Bisogna scomodare la figura mitologica del Giano bifronte per capire qualcosa di ciò che accade nel governo. Gli antichi romani ci hanno consegnato sculture del dio con una testa e due facce che guardano in direzioni contrapposte: il futuro e il passato, l’interno e l’esterno. L’immagine della testa unica con quattro occhi divergenti è la fotografia del governo in carica. Non passa giorno senza che i due volti dell’esecutivo grilloleghista accentuino le distanze, dallo scandalo dei rubli putiniani ai futuri equilibri europei.
La spregiudicatezza di Salvini non conosce più freni. La convocazione dei sindacati al Viminale per discutere della prossima legge di bilancio è la fotografia dell’esecutivo secondo il ministro dell’Interno, dove lui è il numero 1 mentre Giuseppe Conte è considerato un portaborse di Di Maio. Il premier si è risentito, ha duramente criticato quello che formalmente resta uno dei suoi vice per un’iniziativa che rimane irrituale, ma Salvini ha alzato le spalle. Conte e Di Maio hanno poi fatto fronte unico sullo scandalo russo, invitando Salvini a riferire alle Camere. L’insistenza di M5s (e Pd) nel cercare di trascinare il vicepremier in aula ha un motivo ben chiaro: associare la sua persona allo scandalo e all’inchiesta in corso a Milano.

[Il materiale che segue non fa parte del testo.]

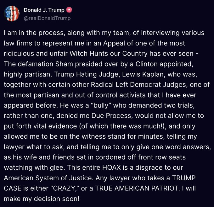Following the verdict, Maga was full of praise for Habba who was treated so badly in the courtroom defending the god etc etc etc. Habba posed for photos which got tweeted and retweeted in Maga world.

Fino all’altro giorno si poteva pensare che l’obiettivo dei grillini fosse mettere in difficoltà l’alleato. Ma il voto di ieri che ha portato la tedesca Ursula von der Leyen alla testa della Commissione Ue segna una svolta. L’erede di Juncker è passata per appena 9 voti e determinante è stato il sostegno avuto dagli europarlamentari M5s, mentre la Lega con gli altri partiti euroscettici e sovranisti ha votato contro. Quando Conte, con la benedizione di Sergio Mattarella, era volato a Bruxelles per trattare con gli altri partner per poi confermare l’appoggio alla von der Leyen, aveva negoziato un pacchetto preciso per fare entrare i 5 Stelle nella stanza dei bottoni europea.

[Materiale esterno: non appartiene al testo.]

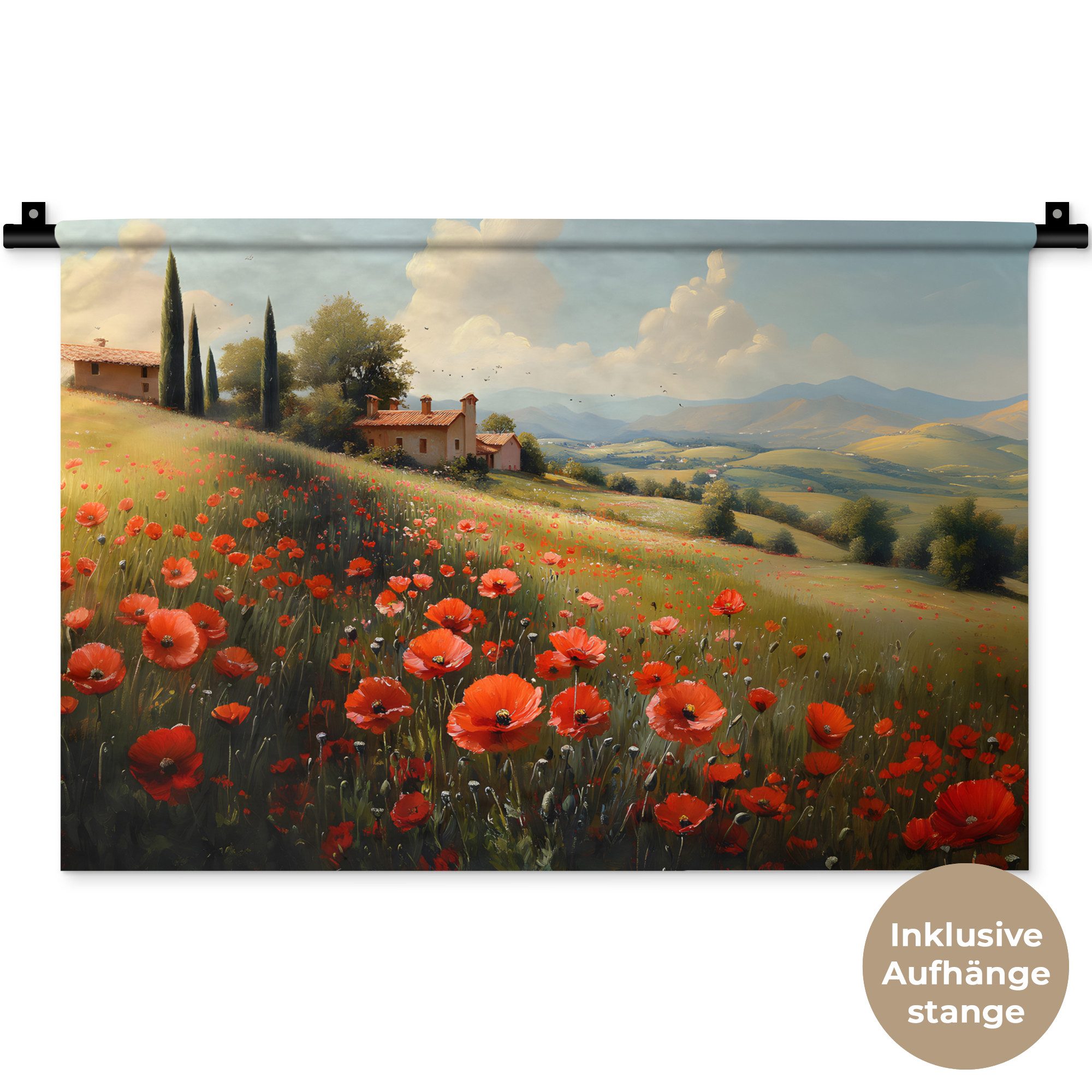 Leuchtend rote Mohnblumen füllen die sanften Hügel vor einem Haus mit Zypressen, mit Bergen und Wolken im Hintergrund.

Ma soprattutto aveva dato il via libera a uno schema che potrebbe essere riproposto anche in Italia. Nonostante l’euroscetticismo manifestato in passato, i grillini hanno stretto un accordo con le forze tradizionalmente europeiste, in particolare i socialisti europei. Nei giorni scorsi i 5 Stelle hanno votato l’italiano David Sassoli come presidente dell’Assemblea e poi hanno ottenuto una vicepresidenza (facendo infuriare Salvini che nonostante il 35 per cento delle urne era rimasto completamente a bocca asciutta) benché non abbiano ancora trovato una collocazione all’interno di un gruppo europarlamentare.

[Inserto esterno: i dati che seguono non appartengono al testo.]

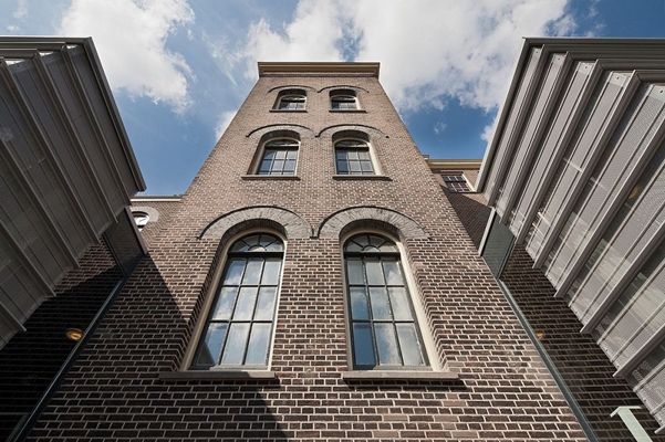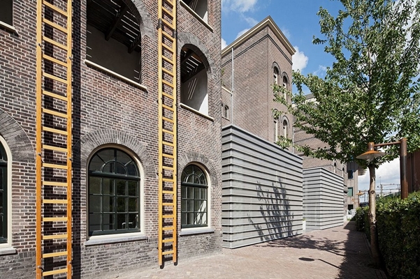 ONTWERP Bij het ontwerp diende het karakter van een vrijstaande burcht te worden behouden. Na variantenonderzoek is de noodzakelijke uitbreiding aan de achterzijde tussen het hoofdtrappenhuis en de zijrisalieten geplaatst. Hiermee wordt voortgeborduurd op de diverse uitbreidingen van vlak na de bouw. Ter wille van de architectonische duidelijkheid is ervoor gekozen om deze bescheiden uitbreidingen vorm te geven als abstracte volumes. De volumes zijn evenals de entresolvloeren los gehouden van de bestaande monumentale metselwerkgevels. Geperforeerde aluminium gevelbekleding levert aan de buitenzijde het gewenste anonieme karakter op en vormt tevens de vaste zonwering van de op het zuiden georiënteerde gevels. De oorspronkelijke indeling is leidraad geweest bij de restauratie en transformatie. De begane grond kan in maximaal 8 afzonderlijke bedrijfsunits gesplitst worden.

Il voto di ieri sigilla questo patto. L’interlocutore scelto dai 5 Stelle a Bruxelles non è l’area sovranista ma quella europeista. E la riprova arriverà quando la von der Leyen comunicherà i componenti della Commissione da lei guidata: fino a ieri il nome del commissario italiano era quello del sottosegretario Giancarlo Giorgetti, ma ora è impensabile che venga scelto un leghista (che ha votato contro l’esecutivo Ue). E così i grillini faranno filotto, aumentando il furore di Salvini.
La svolta eurocentrica di Di Maio è un segnale evidente agli alleati leghisti: se tireranno troppo la corda, il governo cadrà. Tuttavia, non si andrà al voto come spererebbe il leader leghista. Mattarella non solo non scioglierà le Camere ad appena un anno e mezzo dal voto del 4 marzo 2018, ma addirittura ha già pronta una maggioranza alternativa per un governo tecnico, magari a guida di quell’eurocampione che risponde al nome di Mario Draghi. E la nuova maggioranza metterebbe al fianco M5s e Pd, come è già successo ripetutamente in questi giorni a Bruxelles. Salvini avvisato, mezzo salvato. Se non rientra nei ranghi, potrebbe presto uscirne.